XCiT Tiny 24 P8 384
Property | Value |
---|---|
Parameter Count | 12.1M |
Image Size | 384 x 384 |
License | Apache-2.0 |
Paper | XCiT: Cross-Covariance Image Transformers |
GMACs | 27.1 |
What is xcit_tiny_24_p8_384.fb_dist_in1k?
This is a specialized implementation of the Cross-Covariance Image Transformer (XCiT) architecture, designed for high-performance image classification tasks. Developed by Facebook Research, this model represents a lightweight variant with 12.1M parameters, optimized for processing 384x384 pixel images. The model has been pre-trained on ImageNet-1k using knowledge distillation techniques to maintain high accuracy while reducing model size.
Implementation Details
The model utilizes the innovative XCiT architecture, which introduces cross-covariance attention mechanisms to process image data efficiently. With 27.1 GMACs and 133.0M activations, it offers a balanced trade-off between computational efficiency and model performance.

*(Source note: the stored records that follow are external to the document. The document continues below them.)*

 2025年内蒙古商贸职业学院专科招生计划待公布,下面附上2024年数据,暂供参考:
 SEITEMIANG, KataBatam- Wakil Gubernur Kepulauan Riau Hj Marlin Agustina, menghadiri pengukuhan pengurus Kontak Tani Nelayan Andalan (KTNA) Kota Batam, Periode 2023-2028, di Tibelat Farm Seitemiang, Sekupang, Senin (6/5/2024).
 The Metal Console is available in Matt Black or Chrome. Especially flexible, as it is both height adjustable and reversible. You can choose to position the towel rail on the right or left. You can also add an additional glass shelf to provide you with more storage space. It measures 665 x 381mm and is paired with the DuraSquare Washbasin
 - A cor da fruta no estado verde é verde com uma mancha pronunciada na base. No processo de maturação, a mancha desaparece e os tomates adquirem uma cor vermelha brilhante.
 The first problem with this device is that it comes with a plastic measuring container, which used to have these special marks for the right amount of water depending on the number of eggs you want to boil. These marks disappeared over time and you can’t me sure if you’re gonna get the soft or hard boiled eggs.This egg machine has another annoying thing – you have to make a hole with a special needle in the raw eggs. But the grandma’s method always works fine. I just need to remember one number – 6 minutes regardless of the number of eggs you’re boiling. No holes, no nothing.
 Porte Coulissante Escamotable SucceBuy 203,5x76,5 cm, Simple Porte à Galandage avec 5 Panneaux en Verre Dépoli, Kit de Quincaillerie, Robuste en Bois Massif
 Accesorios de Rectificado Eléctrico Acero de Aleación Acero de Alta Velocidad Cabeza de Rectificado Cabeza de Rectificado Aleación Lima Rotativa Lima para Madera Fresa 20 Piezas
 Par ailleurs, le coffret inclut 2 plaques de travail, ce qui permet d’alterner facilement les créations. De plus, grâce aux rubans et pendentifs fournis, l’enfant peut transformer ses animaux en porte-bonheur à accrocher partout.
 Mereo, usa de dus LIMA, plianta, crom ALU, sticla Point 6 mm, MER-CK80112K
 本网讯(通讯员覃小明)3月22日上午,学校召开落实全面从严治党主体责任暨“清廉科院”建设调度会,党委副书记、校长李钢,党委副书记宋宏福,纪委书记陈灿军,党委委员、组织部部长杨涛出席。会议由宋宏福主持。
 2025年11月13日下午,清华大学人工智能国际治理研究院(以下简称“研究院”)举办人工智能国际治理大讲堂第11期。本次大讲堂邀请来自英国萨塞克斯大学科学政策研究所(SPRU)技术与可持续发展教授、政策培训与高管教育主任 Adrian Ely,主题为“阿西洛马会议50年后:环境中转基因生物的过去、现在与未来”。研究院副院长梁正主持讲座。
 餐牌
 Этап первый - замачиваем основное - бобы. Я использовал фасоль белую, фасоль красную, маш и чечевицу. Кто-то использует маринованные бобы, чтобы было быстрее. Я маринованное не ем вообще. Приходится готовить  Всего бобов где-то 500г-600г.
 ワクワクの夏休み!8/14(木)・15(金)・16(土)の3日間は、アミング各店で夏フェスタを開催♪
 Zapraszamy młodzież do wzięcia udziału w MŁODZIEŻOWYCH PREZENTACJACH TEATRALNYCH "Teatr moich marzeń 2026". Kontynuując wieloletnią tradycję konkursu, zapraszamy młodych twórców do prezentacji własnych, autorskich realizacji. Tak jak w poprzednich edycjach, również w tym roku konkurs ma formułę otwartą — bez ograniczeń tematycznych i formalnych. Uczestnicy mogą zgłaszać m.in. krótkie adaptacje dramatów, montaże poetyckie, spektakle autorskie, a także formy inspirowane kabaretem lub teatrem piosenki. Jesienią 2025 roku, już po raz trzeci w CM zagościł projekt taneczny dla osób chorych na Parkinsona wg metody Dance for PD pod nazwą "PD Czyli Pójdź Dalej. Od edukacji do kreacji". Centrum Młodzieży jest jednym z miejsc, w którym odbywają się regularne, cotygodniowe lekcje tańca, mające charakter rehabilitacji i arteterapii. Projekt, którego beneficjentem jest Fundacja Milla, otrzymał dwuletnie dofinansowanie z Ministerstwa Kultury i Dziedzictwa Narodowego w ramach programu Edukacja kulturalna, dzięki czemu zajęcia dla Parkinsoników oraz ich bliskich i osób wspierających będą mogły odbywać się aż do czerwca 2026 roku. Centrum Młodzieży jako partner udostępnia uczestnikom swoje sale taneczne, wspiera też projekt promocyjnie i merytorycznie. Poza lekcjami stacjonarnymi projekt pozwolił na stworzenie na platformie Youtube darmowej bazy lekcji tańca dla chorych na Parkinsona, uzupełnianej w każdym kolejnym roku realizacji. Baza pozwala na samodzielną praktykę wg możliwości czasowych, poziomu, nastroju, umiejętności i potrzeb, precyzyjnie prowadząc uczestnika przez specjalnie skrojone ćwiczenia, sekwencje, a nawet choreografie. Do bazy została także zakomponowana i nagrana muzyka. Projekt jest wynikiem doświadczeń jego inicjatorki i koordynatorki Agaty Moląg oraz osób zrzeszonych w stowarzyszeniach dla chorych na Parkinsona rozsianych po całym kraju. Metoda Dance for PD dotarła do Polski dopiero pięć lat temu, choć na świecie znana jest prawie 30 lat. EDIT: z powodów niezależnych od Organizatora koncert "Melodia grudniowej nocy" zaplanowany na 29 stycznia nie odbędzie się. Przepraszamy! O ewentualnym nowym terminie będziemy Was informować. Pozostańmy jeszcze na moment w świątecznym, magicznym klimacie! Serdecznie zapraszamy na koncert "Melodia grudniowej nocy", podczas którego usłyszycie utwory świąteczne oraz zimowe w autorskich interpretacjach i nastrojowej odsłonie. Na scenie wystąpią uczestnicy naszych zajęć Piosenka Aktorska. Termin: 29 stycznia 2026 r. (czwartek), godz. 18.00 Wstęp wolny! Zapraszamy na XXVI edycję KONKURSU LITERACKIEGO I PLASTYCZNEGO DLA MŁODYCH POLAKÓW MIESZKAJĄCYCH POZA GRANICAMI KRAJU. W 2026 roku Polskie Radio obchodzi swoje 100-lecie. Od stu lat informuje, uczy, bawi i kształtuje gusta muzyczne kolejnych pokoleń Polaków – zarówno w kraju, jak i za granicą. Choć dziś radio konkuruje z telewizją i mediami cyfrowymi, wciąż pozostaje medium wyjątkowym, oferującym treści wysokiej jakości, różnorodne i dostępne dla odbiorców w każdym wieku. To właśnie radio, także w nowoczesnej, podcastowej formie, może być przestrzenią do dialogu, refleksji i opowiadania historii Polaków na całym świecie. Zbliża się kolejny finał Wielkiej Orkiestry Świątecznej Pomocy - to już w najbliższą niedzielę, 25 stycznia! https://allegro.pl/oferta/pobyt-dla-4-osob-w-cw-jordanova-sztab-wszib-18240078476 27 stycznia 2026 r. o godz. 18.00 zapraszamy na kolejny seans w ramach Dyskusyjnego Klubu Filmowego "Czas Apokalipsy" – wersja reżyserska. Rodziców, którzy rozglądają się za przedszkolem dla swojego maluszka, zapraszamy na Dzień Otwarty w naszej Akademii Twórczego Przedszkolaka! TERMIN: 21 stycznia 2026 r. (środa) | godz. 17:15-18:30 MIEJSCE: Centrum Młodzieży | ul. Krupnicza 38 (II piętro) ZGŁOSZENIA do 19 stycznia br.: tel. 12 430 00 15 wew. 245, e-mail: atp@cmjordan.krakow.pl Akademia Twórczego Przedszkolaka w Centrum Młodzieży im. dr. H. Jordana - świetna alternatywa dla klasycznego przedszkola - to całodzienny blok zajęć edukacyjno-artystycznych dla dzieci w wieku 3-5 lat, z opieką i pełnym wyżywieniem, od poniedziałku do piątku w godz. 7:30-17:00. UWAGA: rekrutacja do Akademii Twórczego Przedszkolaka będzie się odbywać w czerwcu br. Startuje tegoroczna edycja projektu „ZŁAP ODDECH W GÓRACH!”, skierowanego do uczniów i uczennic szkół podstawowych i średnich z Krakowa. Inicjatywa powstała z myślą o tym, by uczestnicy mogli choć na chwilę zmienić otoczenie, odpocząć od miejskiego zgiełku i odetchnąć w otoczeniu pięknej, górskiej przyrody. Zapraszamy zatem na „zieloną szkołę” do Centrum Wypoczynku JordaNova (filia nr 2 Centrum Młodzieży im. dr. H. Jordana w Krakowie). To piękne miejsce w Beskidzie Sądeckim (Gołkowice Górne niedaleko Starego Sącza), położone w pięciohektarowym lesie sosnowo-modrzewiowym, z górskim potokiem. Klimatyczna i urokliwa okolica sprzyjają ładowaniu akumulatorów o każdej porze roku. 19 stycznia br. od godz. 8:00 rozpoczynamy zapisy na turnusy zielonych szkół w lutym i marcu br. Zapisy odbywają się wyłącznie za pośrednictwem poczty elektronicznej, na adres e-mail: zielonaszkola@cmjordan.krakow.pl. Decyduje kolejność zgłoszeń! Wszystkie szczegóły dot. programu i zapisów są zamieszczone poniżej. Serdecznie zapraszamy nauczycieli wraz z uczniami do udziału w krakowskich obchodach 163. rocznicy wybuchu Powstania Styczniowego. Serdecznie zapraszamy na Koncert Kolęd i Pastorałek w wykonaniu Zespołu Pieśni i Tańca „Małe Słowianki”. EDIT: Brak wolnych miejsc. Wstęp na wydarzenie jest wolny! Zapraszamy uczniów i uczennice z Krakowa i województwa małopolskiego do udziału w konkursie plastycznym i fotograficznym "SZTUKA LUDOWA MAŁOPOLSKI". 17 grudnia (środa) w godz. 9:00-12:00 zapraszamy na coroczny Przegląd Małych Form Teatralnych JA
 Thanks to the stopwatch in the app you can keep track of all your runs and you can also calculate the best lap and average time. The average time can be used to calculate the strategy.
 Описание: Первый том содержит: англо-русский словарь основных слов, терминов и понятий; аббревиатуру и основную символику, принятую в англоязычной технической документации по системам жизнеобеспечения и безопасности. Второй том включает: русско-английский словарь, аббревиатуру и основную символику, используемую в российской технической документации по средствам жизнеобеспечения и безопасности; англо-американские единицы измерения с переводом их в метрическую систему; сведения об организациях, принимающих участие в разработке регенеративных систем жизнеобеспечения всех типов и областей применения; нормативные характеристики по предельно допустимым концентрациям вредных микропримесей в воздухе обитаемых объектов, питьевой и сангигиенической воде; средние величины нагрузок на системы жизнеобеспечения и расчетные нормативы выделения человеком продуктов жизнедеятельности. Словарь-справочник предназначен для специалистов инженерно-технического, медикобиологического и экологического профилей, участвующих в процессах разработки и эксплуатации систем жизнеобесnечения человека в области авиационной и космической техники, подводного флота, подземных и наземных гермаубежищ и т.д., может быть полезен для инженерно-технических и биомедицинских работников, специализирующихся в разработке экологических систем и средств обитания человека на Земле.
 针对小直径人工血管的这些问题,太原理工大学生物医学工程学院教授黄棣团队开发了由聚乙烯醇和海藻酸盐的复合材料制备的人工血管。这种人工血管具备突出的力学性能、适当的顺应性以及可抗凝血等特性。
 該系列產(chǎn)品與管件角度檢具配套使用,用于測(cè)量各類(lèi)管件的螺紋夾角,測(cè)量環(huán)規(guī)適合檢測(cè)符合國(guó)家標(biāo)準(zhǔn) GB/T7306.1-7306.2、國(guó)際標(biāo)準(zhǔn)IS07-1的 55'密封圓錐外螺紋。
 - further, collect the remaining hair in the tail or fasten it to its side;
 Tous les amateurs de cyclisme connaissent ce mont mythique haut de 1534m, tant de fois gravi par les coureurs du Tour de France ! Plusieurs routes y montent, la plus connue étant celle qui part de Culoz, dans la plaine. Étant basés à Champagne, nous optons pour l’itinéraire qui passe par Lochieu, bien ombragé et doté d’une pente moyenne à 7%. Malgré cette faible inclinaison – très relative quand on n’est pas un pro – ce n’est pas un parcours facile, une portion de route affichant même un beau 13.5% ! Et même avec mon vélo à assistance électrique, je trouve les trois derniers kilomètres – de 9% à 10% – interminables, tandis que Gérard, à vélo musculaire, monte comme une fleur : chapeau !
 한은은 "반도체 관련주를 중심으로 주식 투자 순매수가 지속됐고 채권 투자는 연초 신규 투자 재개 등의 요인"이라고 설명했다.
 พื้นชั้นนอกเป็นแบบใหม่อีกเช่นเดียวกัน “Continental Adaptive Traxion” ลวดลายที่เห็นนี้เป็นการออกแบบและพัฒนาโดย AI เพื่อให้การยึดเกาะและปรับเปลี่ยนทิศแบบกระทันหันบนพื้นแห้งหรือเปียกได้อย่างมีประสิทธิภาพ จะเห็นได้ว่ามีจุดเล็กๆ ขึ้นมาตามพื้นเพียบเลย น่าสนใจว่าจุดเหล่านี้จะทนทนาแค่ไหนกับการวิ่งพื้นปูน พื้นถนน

- Efficient patch-based image processing with P8 patch size
- 24-layer architecture optimized for 384x384 resolution
- Distillation-based training for improved performance
- Support for both classification and feature extraction tasks
Core Capabilities
- Image classification on ImageNet-1k dataset
- Feature backbone extraction for downstream tasks
- Efficient processing of high-resolution images
- Support for both inference and feature embedding generation
Frequently Asked Questions
Q: What makes this model unique?
This model stands out for its implementation of cross-covariance attention mechanisms, which provide efficient processing of high-resolution images while maintaining a relatively small parameter count. The distillation training approach further enhances its performance-to-size ratio.
Q: What are the recommended use cases?
The model is particularly well-suited for image classification tasks requiring high-resolution input (384x384), feature extraction for transfer learning, and scenarios where a balance between model size and performance is crucial. It's ideal for applications requiring both accuracy and computational efficiency.